Gross revenue fell by 2% year on year to S$754.8 million, but NPI dipped by just 0.9% year on year to S$523.4 million.
DPU slipped 0.6% year on year to S$0.07477 because of a slightly enlarged unit base.
CLAR maintained a healthy portfolio occupancy of 91.8% and also reported a positive portfolio rental reversion of 9.5%.

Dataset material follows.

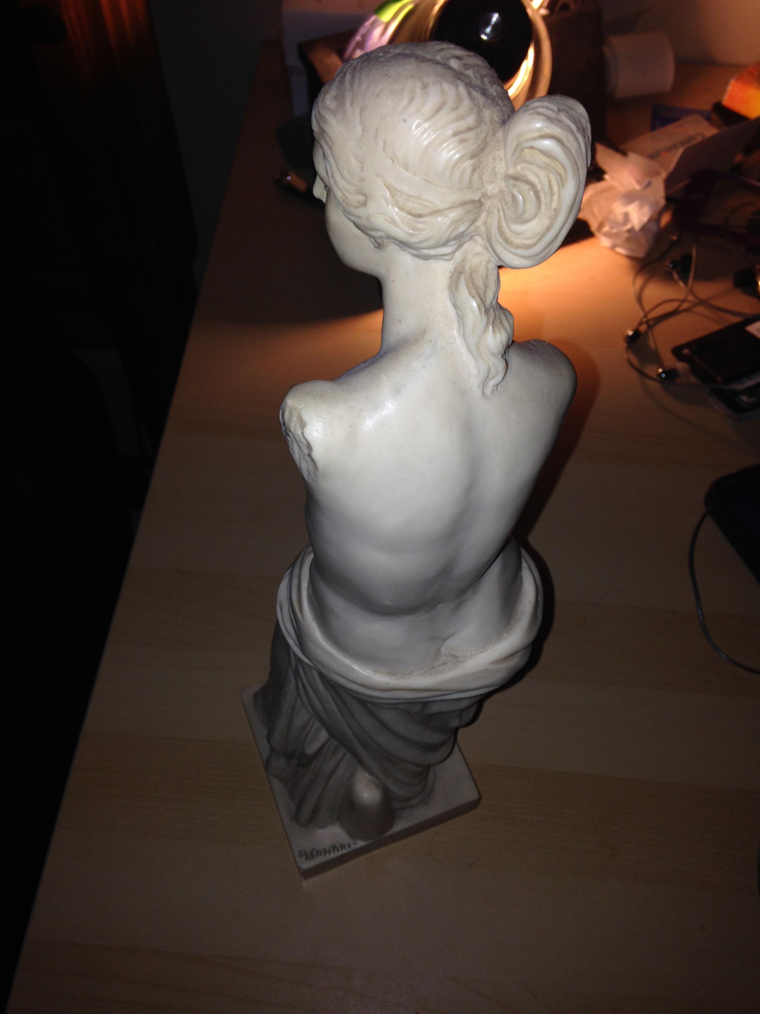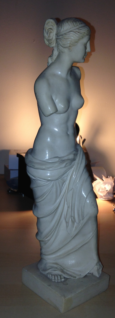 This is a Venus statue measuring approximately 15-16 inches. It has the name Santini engraved on the base of the statue.

Earlier this year, the industrial REIT completed an acquisition of a logistics centre in the US while also completing a redevelopment of Science Park Drive in Singapore.
Meanwhile, there are also six ongoing projects worth S$498.4 million that are undergoing redevelopment or refurbishment to improve returns on the existing portfolio.
Keppel DC REIT (SGX: AJBU)
Keppel DC REIT is a data centre REIT with a portfolio of 24 data centres across 10 countries.
The REIT’s AUM stood at around S$5 billion as of 30 Jun 2025, and it also boasts a solid sponsor in asset manager Keppel Ltd (SGX: BN4).
Keppel DC REIT reported a stellar set of earnings for 1H 2025 with gross revenue jumping 34.4% year on year to S$211.3 million.
NPI shot up 37.8% year on year to S$182.8 million.
DPU increased by 12.8% year on year to S$0.05133.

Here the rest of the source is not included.